The following components/services can work with HA queues:

- OpenStack Compute
- OpenStack Block Storage
- OpenStack Networking
- Telemetry

Consider that, while exchanges and bindings survive the loss of individual
nodes, queues and their messages do not because a queue and its contents
are located on one node. If we lose this node, we also lose the queue.

Mirrored queues in RabbitMQ improve the availability of service since
it is resilient to failures.

Production servers should run (at least) three RabbitMQ servers for testing
and demonstration purposes, however it is possible to run only two servers.
In this section, we configure two nodes, called ``rabbit1`` and ``rabbit2``.
To build a broker, ensure that all nodes have the same Erlang cookie file.

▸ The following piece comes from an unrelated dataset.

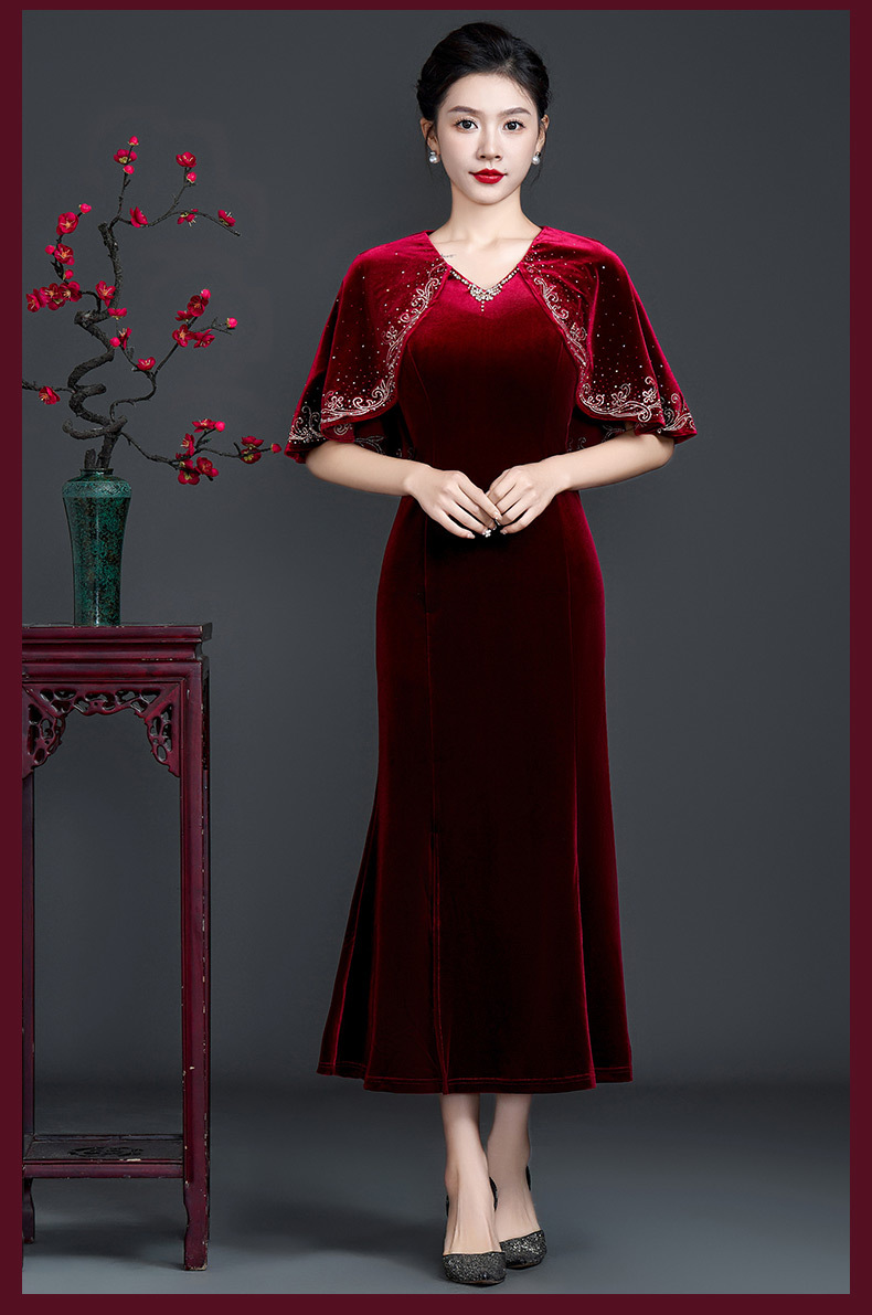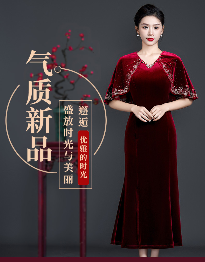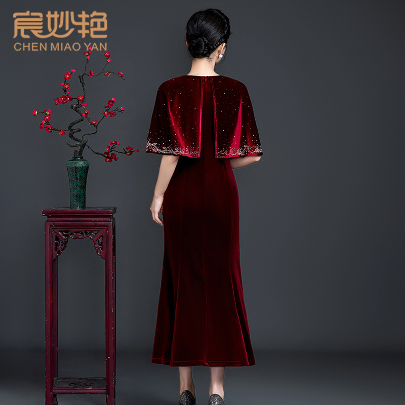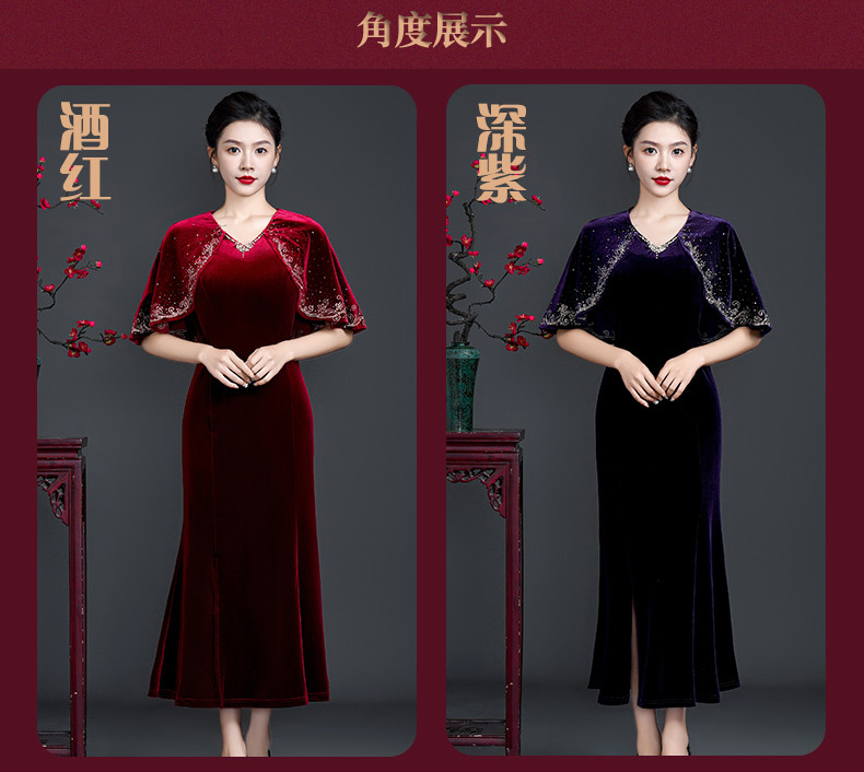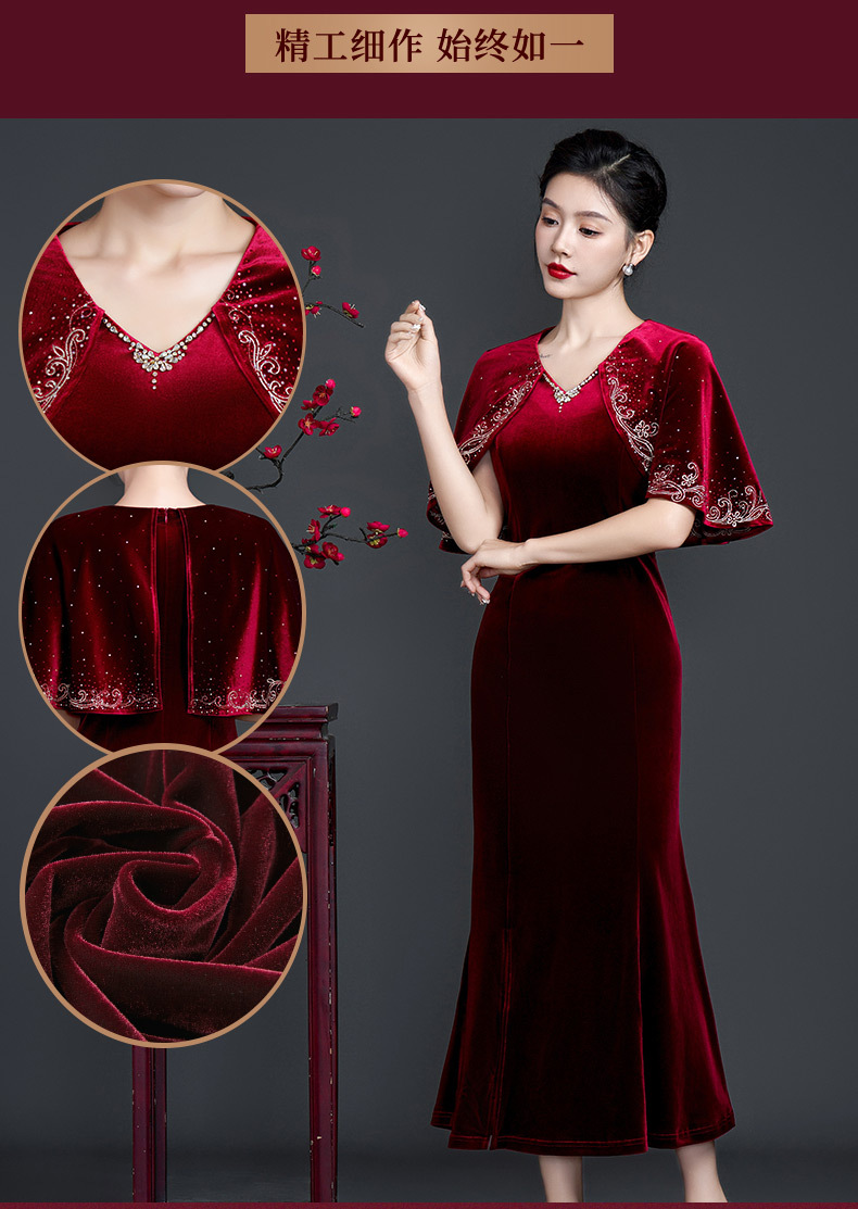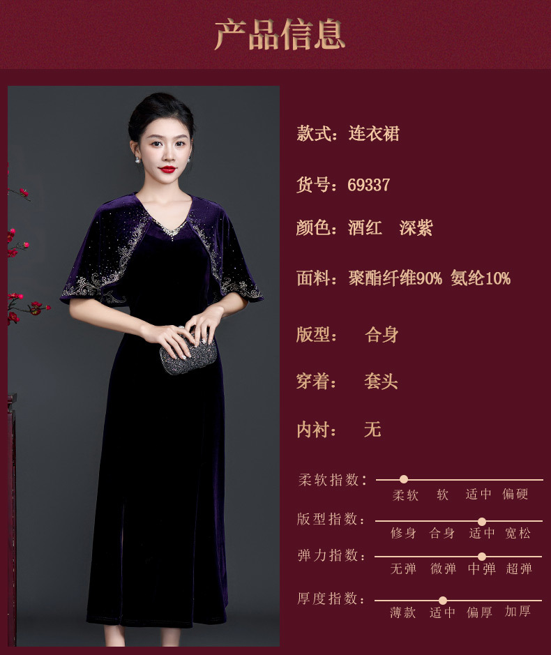 Среднее и старое женское платье 2024 новый весенний и осенний темперамент свекрови благородное золотое бархатное платье свадебное платье мама платье

.. [TODO: Should the example instead use a minimum of three nodes?]

#. Stop RabbitMQ and copy the cookie from the first node to each of the
   other node(s):

   .. code-block:: console

      # scp /var/lib/rabbitmq/.erlang.cookie root@NODE:/var/lib/rabbitmq/.erlang.cookie

#. On each target node, verify the correct owner,
   group, and permissions of the file :file:`erlang.cookie`:

   .. code-block:: console

      # chown rabbitmq:rabbitmq /var/lib/rabbitmq/.erlang.cookie
      # chmod 400 /var/lib/rabbitmq/.erlang.cookie

#. Start the message queue service on all nodes and configure it to start
   when the system boots. On Ubuntu, it is configured by default.

   On CentOS, RHEL, openSUSE, and SLES:

   .. code-block:: console

      # systemctl enable rabbitmq-server.service
      # systemctl start rabbitmq-server.service

#. Verify that the nodes are running:

   .. code-block:: console

      # rabbitmqctl cluster_status
      Cluster status of node rabbit@NODE...
      [{nodes,[{disc,[rabbit@NODE]}]},
       {running_nodes,[rabbit@NODE]},
       {partitions,[]}]
      ...done.

#. Run the following commands on each node except the first one:

   .. code-block:: console

      # rabbitmqctl stop_app
      Stopping node rabbit@NODE...
      ...done.
      # rabbitmqctl join_cluster --ram rabbit@rabbit1
      # rabbitmqctl start_app
      Starting node rabbit@NODE ...
      ...done.

.. note::

   The default node type is a disc node. In this guide, nodes
   join the cluster as RAM nodes.

#. Verify the cluster status:

   .. code-block:: console

      # rabbitmqctl cluster_status
      Cluster status of node rabbit@NODE...
      [{nodes,[{disc,[rabbit@rabbit1]},{ram,[rabbit@NODE]}]}, \
          {running_nodes,[rabbit@NODE,rabbit@rabbit1]}]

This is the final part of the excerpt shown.